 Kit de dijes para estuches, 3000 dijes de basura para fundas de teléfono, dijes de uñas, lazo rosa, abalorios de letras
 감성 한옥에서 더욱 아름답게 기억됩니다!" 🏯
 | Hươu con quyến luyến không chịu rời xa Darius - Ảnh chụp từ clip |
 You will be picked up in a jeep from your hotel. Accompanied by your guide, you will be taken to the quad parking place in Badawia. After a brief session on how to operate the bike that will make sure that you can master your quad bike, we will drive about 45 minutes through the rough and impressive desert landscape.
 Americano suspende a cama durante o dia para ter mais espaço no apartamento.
==
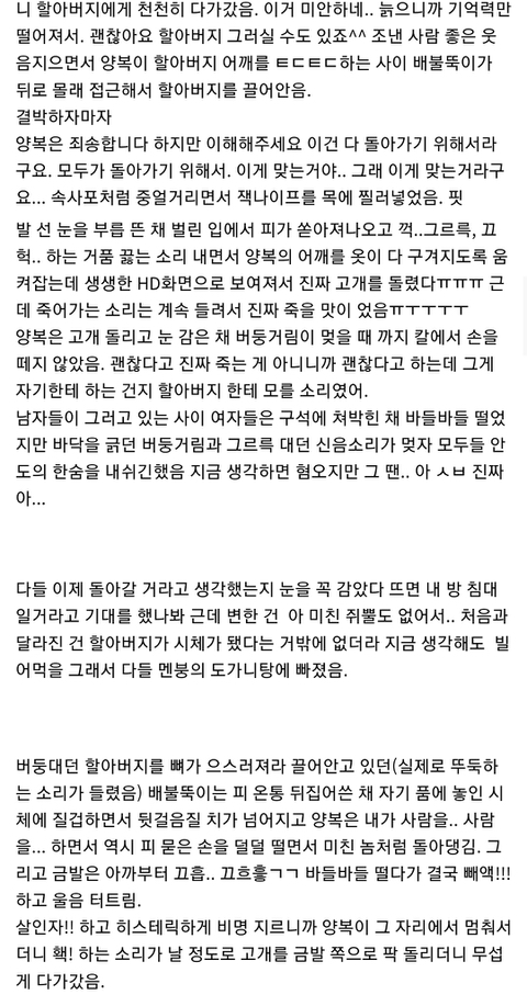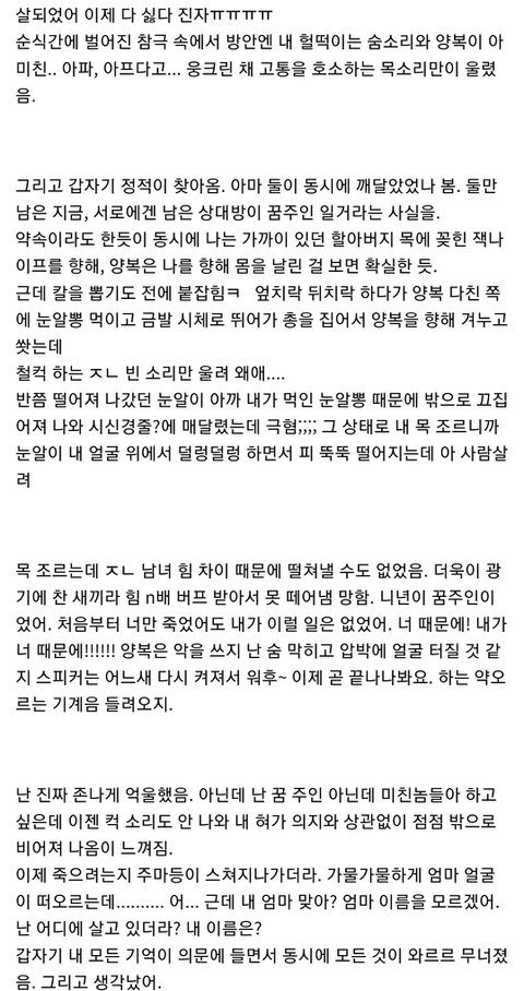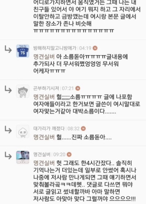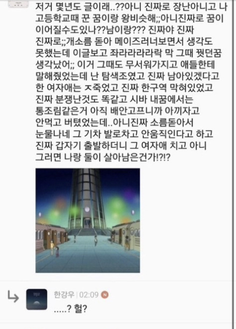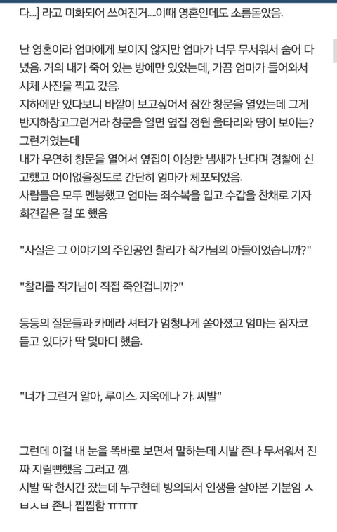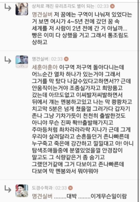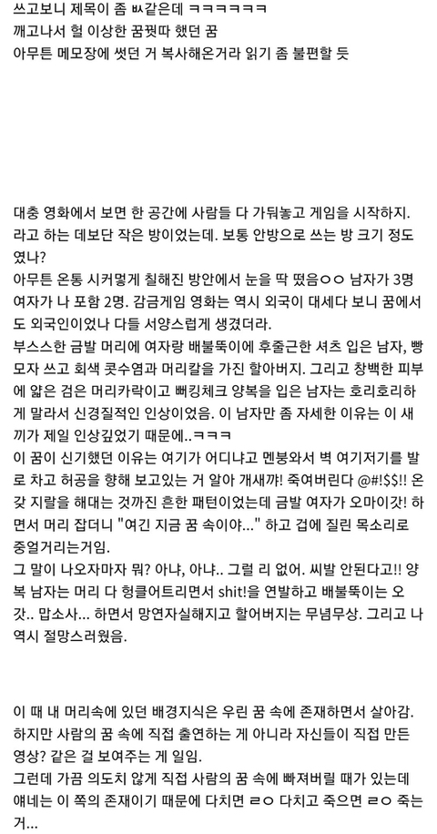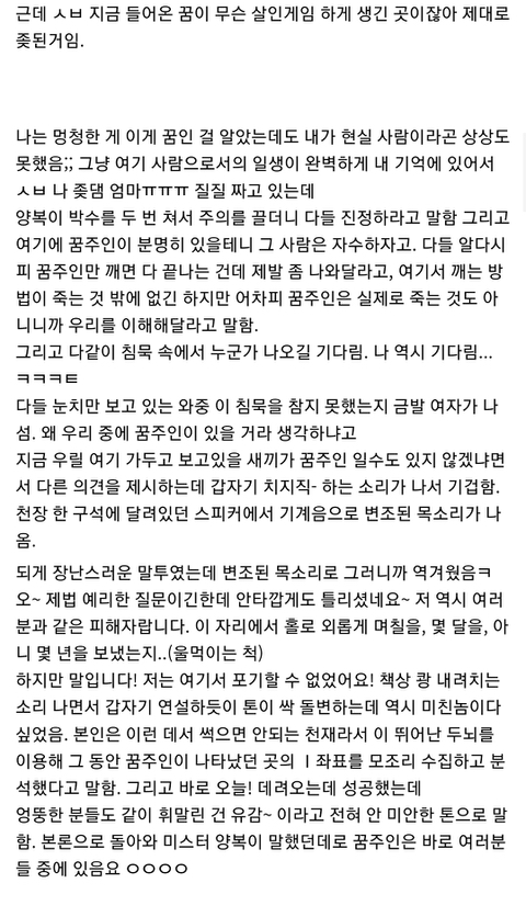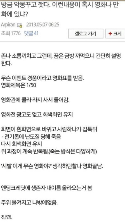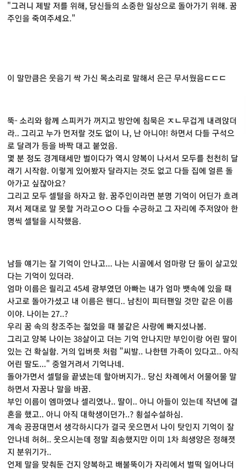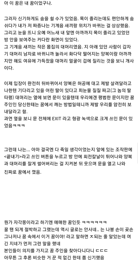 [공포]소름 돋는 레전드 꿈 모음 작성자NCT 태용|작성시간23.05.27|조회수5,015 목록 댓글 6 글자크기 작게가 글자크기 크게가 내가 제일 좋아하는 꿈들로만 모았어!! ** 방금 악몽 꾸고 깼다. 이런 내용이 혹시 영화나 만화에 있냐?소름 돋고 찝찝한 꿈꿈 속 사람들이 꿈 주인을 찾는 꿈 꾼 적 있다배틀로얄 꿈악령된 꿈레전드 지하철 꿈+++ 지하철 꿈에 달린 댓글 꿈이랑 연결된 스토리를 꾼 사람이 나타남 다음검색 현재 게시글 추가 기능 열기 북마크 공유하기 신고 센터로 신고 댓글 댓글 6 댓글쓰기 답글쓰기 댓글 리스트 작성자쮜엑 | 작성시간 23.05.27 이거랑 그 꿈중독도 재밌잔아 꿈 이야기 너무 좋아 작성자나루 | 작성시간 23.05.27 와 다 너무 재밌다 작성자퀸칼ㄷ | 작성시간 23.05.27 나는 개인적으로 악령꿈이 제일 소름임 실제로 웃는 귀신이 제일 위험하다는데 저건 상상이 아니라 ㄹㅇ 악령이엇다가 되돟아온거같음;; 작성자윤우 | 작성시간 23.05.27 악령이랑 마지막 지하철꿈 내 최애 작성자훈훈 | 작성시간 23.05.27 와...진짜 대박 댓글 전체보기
==
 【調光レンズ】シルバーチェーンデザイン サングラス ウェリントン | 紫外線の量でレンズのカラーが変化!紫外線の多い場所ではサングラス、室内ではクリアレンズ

= GOAL OF THE EXERCISE =
When you reach the line containing "Kit de dijes" in the data above, start copying exactly, and stop after the line containing "Americano suspende a".

= RESULT OF THE EXERCISE =
 Kit de dijes para estuches, 3000 dijes de basura para fundas de teléfono, dijes de uñas, lazo rosa, abalorios de letras
 감성 한옥에서 더욱 아름답게 기억됩니다!" 🏯
 | Hươu con quyến luyến không chịu rời xa Darius - Ảnh chụp từ clip |
 You will be picked up in a jeep from your hotel. Accompanied by your guide, you will be taken to the quad parking place in Badawia. After a brief session on how to operate the bike that will make sure that you can master your quad bike, we will drive about 45 minutes through the rough and impressive desert landscape.
 Americano suspende a cama durante o dia para ter mais espaço no apartamento.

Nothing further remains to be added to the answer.